Ma talent!
Opublikowano 21 czerwca 2019, autor: mk
Malowanie ma we krwi. Od zawsze kocha sztukę. Realizuje się, pracując w teatrze jako charakteryzatorka. A teraz Wiktoria Jureczko (30 l.) z Żar zajęła 2 miejsce w prestiżowym 7 konkursie Mistrzostw Charakteryzacji we Wrocławiu.

Wiktoria Jureczko zajęła 2 miejsce w konkursie organizowanym przez Dolnośląskie Centrum Filmowe na najlepszą charakteryzację. Do konkursu zgłosiło się ponad 30 osób, 10 z nich dostało się do ścisłego finału.
Wiktoria charakteryzacją interesuje się od liceum.
– Próbowałam różnych dróg – przyznaje. – Starałam się dostać na wydział lalkarski we Wrocławiu. Przez pół roku studiowałam na ASP w Katowicach, jednak to nie była moja droga. Wróciłam do charakteryzacji, pracuję w Teatrze Lubuskim, zajmuję się garderobą i scenografią.
Tematem tegorocznych Mistrzostw Charakteryzacji był karnawał – od Rio de Janeiro po Wenecję. Wiktoria wszystko przygotowała sama, jedynie przy stroju potrzebowała pomocy krawcowej z teatru.
– Przesłałam zdjęcia charakteryzacji przygotowanej dla modela – mówi W. Jureczko. – Wcześniej było szukanie informacji o karnawale na świecie, projekt, zakupy. Najwięcej czasu trzeba było poświęcić kostiumowi.
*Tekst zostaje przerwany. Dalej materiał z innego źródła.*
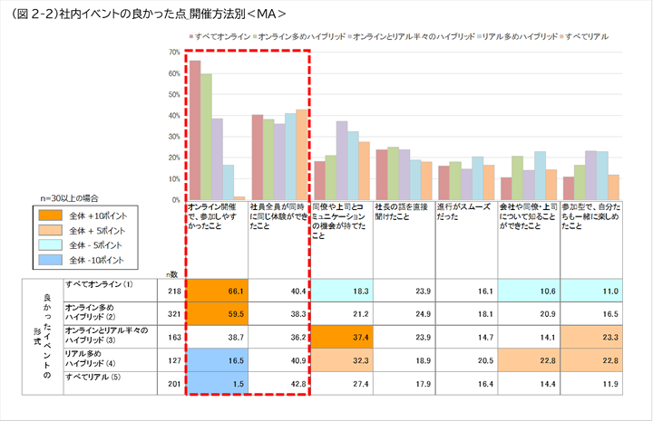 「社員全員が同時に同じ体験ができたこと」は、コロナ禍以前の調査「社員全員が同じ場所に集まったこと」と比較すると9ポイント減少しましたが、2位にランキングされており、3位もコミュニケーションに関する内容でした。1位の参加しやすさという利便性とともに、一体感や交流という情緒面の要因も重要であることがわかります。(図2-1)

Jej charakteryzacja spodobała się jury i zapewniła miejsce w finałowej dziesiątce.
– Gdy usłyszałam swoje nazwisko wyczytywane przy II miejscu, nie mogłam uwierzyć – nie ukrywa emocji Wiktoria
Nie byle co
W. Jureczko pracę zaczynała, malując twarze dzieci.
– To nie musi być ciapkanie farbami po ich twarzach. To mogą być wspaniałe dzieła. Chciałbym uczulić rodziców, by sprawdzali, czym malowane są ich dzieci i nie zgadzali się na byle co. Wszystkie produkty powinny mieć atesty – przekonuje.
Trenuje też na sobie.
– Maluję albo coś na ręce, albo na twarzy. Czasem wykorzystuję modelkę. Mam też specjalne maty, które służą do malowania farbami ciała – mówi Wiktoria i zdradza, że od września rozpocznie naukę w Poznaniu, na dwóch kierunkach związanych z charakteryzacją sceniczną i tworzeniem kostiumów.
Nie obrażam się na świat
W. Jureczko jest weganką.
– Nie obrażam się na świat. Jest, jaki jest – mówi z uśmiechem. – Ale staram się, by to, co robię, nie wykorzystywało w żaden sposób zwierząt. Moją wielką miłością są zwierzęta. Udzielam się w stowarzyszeniu Ochrony Zwierząt Aport.
Jak się relaksuje?
– Ostatnio, wypalając w drewnie lub plotę biżuterię. Szyję. Lubię też czytać – mówi.
Co dalej?
– Staram się spełniać swoje marzenia. Gdzie będę za 5 lat? Mam nadzieję, że to będzie związane z charakteryzacją – zastrzega.